Dalla Franciacorta alle Marche, così Barone Pizzini ha scommesso sul Verdicchio

03 Aprile 2019
Silvano_Brescianini_e_Alessandro_Fenino Silvano_Brescianini_e_Alessandro_Fenino


(Silvano Brescianini e Alessandro Fenino)

di Michele Pizzillo

Più c’è vita sotto la terra dei vigneti, migliori sono i vini. La conferma arriva dall’area delle Marche vocata per la produzione di vino bianco, i Castelli di Jesi. 

Qui, a Maiolati Spontini, c’è l’azienda agricola Pievalta che nell’arco di 15 anni la franciacortina Barone Pizzini, pioniera della coltura biologica delle vigne, ha sanificato terreni induriti dall’uso eccessivo di fertilizzanti. Adesso i terreni delle vigne di Pievalta oltre ad essere friabili, leggeri, facile da lavorare, sono anche un brulicare di fauna sotterranea che fa bene alla vite stessa. Tanto che l’azienda acquisita nel 2002 da Barone Pizzini, dopo che uno dei suoi soci, Silvano Brescianini era capitato da queste parti e qualcuno – pare il giornalaio del paese -, riconoscendolo, pensò di avvisarlo che c’erano vigne in vendita.

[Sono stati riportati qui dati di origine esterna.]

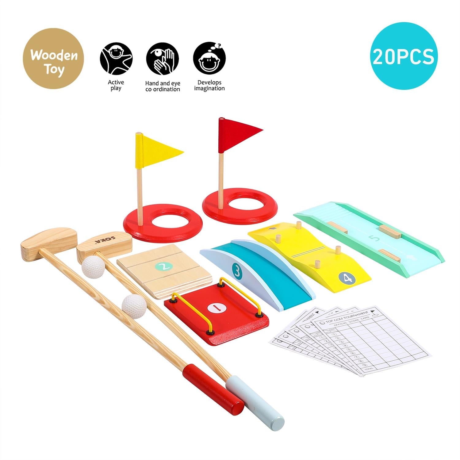 - 2 wooden golf clubs (62cm tall) for easy gripping by small hands

Ricorda Brescianini “ne fui così abbagliato da questo vigneto che ai miei soci posi l’aut-aut di farlo acquistare da Barone Pizzini; altrimenti lo avrei acquistato da solo”. Decisiva la scelta di Ugo Colombo, presidente della cantina lombarda che ha ammesso di “avere sempre creduto in Pievalta, nella grande potenzialità del territorio e nella qualità dei suoi vini, per questo non temo il tempo che sarà necessario a raccogliere i frutti delle mie convinzioni”. Intanto il Verdicchio dell’azienda jesina, adesso va a passeggio con i grandi cru francesi, perché è stata accolta nel Syndacat International des Vignerons en Culture Bio-Dynamique, conosciuto anche come Associazione Biodyvin che vanta tra i suoi membri 148 tra i migliori viticoltori francesi, tedeschi, portoghesi, svizzeri e italiani come, tanto per citare qualche nome, Romanèe Conti, Zind Humbrecht, Maison M.Chapoutier, Domaine Le Flasve e le toscane Avignonesi, Tenuta La Ripa, Tenuta La Novella. 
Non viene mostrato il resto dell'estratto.